If the middle number is bigger than the target, I know that our target number is somewhere between array[start] and array[midpoint]. Therefore, I recursively call our binarySearch function on a new set of numbers, which will be only the elements between array[start] and array[midpoint].

Additionally, as we’ve already checked array[start] and array[midpoint] against to see if either matches our target number in our initial cases, we can exclude those from our list, leaving only the elements between array[start+1] and array[midpoint-1].

This will find a new start, end, and midpoint, and repeat the function on the now-halved collection of elements.

The last case is for if the middle number is smaller than the target number. In this case, we recursively call binarySearch on the collection of elements between array[midpoint+1] and array[end-1].

The logic to this is similar to the previous case — if the target number is greater than the midpoint in a sorted array, we can be confident that it won’t be in the first half, and can skip iterating through those, only looking in the second half of the array (minus the midpoint and end, which we’ve already checked for a match).

Using this recursive approach, we can find the desired number in an array by repeatedly halving the array, thus performing significantly fewer calculations than we would were we to iterate through an entire array every time we wanted to see if it contained a single element.

let binarySearch = (array, target, start=0, end=array.length-1) => {

    let midPoint = ~~(start + (end - start)/2)

    switch(true){
        case array[start] === target:
            return array[start]
        case array[midPoint] === target:
            return array[midPoint]
        case array[end] === target:
            return array[end]
        case end - start === 0:
            return false
        case array[midPoint] > target:
            return binarySearch(array, target, start+1, midPoint-1)
        case array[midPoint] < target:
            return binarySearch(array, target, midPoint+1, end-1)    
    }
    return false
}

Finally, I’ve added a return statement which allows this function to return false if the desired value is not present.

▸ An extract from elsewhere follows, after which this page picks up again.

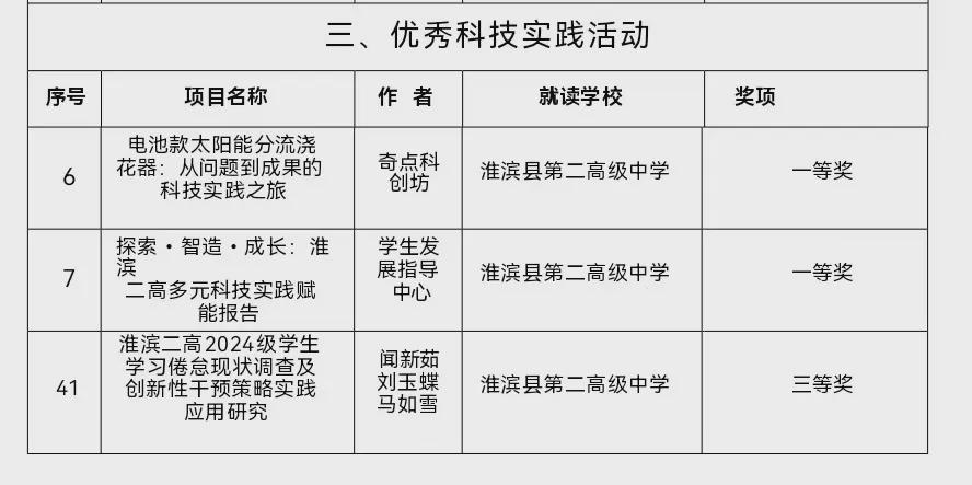 在此次大赛中,淮滨二高高度重视,学生发展指导中心精心筹备,指导教师团队一路相伴,从选题构思、方案设计到作品完善,都给予了学生们专业而细致的指导。学生们紧扣生活实际,关注科技前沿,提交的作品涵盖了科技竞赛创意项目、科技创新成果竞赛项目、科技实践活动、青少年科学影像项目等多个领域,作品内容既具有创新性、实用性,又不失科学性,充分体现了二高学子勇攀科学高峰、敢于突破的精神风貌。

If this function works as desired, it will repeat until it either finds and returns the desired element or returns false, if the element is not present in the given array. Thus, the return value of the binarySearch function is either the desired element if it is present or false.

let array = [2, 3, 4, 3, 6, 7]

binarySearch(array, 9)
> false

binarySearch(array, 4)
> 4

Great! Now we have our working helper method 🌟

How do we apply this to our two-sum problem though?

We know that we need to start with a sorted array in order to use a binary search, so we’ll begin by sorting our initial array.

Then, we can set up the same basic structures we used previously, by creating two empty arrays: one for storing nested arrays containing our successful combinations of addends, and another for storing the elements in those combinations on the accessible top layer for later checking.

We’ll want to find all those combinations of elements, store them in our nums array, then return that array at the end, just like last time.


let binarySearchTwoSum = (array, sum) => {
    let sortedArray = array.sort()

    let nums = []
    let prevNums = []

    // find our number combos that add up to sum
    // check to see if we've already found them
    // if not, add them to nums

    return nums
}

This time, however, we won’t be creating nested loops to iterate through.

This time, we’re only iterating through our array once.

For each element, the value addend will be assigned to the number that would equal sum minus the element.

So, for a sum of 6 and an element of 2, addend would be the integer 4.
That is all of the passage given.